Иногда я не могу вспомнить собственное имя. В первые минуты после пробуждения, кажущиеся самыми зыбкими, когда реальность ещё не вторглась в сознание и лишь мреет где-то, как далёкий мираж в пустыне, память упрямо свивается — Уроборос, обреченный извечно пожирать собственный хвост. Не то чтобы я верила, будто имя детерминирует путь человека, но знала, что оно — отличительное обозначение, позволяющееся выделиться среди подобных особей. Своего рода верификация подлинности. Имеешь имя, следовательно, существуешь. Имя может быть произнесено и услышано, а, значит, служит индикатором восприятия, пусть не в глобальном смысле, но в границах социума. Я, не раскрывая глаз, несколько мучительных мгновений пытаюсь идентифицировать себя. В хорошие дни ты называешь «деткой», и это безвкусная наигранность. В плохие — молчишь, посылаешь к чёрту или почти умоляюще желаешь сдохнуть. Так, будто просишь об одолжении — ну, пожалуйста, ну чего тебе стоит.

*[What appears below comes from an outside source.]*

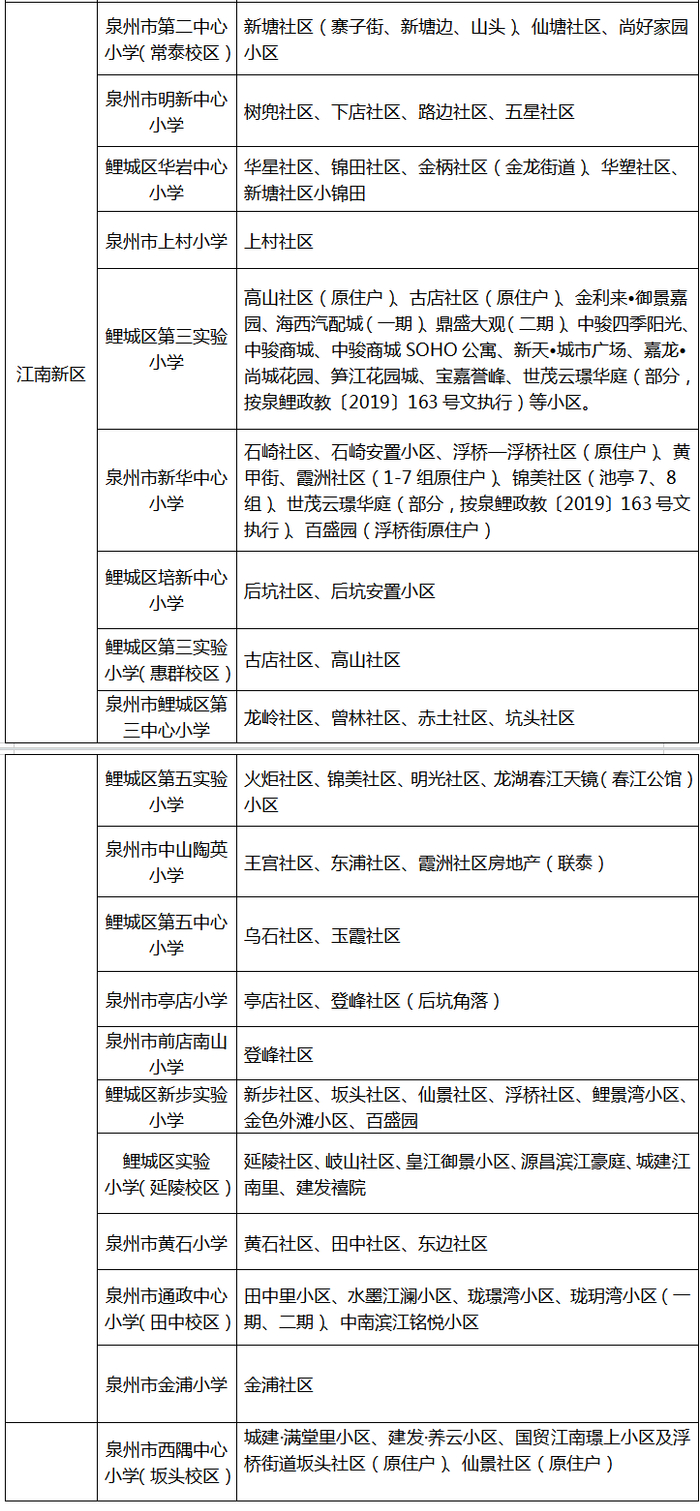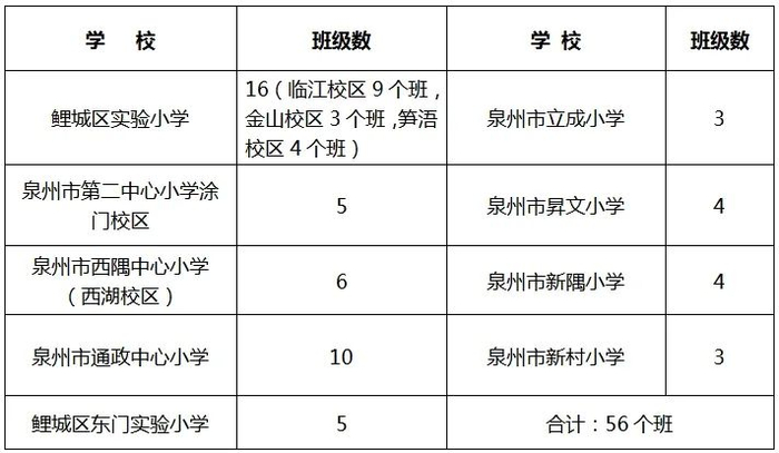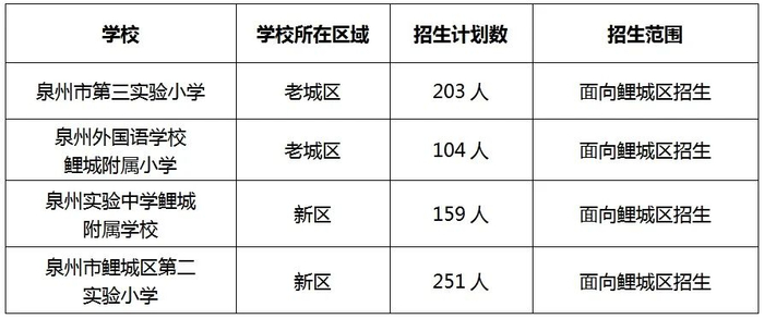 南片区:鲤城区实验小学(含金山校区、笋浯校区)、泉州市第二中心小学、泉州市立成小学、泉州市新隅小学等4所公办小学;

Память выталкивает на поверхность едко-яркие картинки. Воспоминание о том, как ты возвращаешься домой, скидываешь мокрые кроссовки у порога и бросаешь сложенный зонт там же. Под ним собирается прозрачная лужица дождевой воды. Но это неважно, я рада тебя видеть, и этот восторг вытесняет иное за границы восприятия. Дальнейшее — тщательно выстроенная сцена, эпизод из проходной мелодрамы. Увы, наше взаимодействие — не арт-хаус и даже не задорная порнография, всего лишь фильм категории В. Я обхватываю твои щеки ладонями — мокрые кончики волос щекочут мне пальцы — и целую тебя нежно, долго. Ты пахнешь городом, маковыми булочками, озоновой свежестью ливня и ягодной жевательной резинкой. Память удерживает слишком многое, сплетение сенсорных модальностей: в мельчайших подробностях — тактильные (твоя кожа на ощупь — фоамиран), слуховые (сбившееся дыхание), двигательные. Это не благословение эйдетизма, сохраняющего насыщенность образов, но фальшь конфабуляций. Все воспоминания о тебе красочные, однако типовые, урезанные, будто лишённые жизни. Как чистая синтетика. Как штамм зловредного микроорганизма, выращенный на питательной среде твоих увечных представлений о нормальности, о том, какими должны быть счастливые отношения. Мне даже интересно, сколько в моих убеждениях — меня: я — кукла-подменыш, но набитая не соломой да жухлой листвой, а твоими скверными мыслями. И мне известно, суррогатом кого я выступаю.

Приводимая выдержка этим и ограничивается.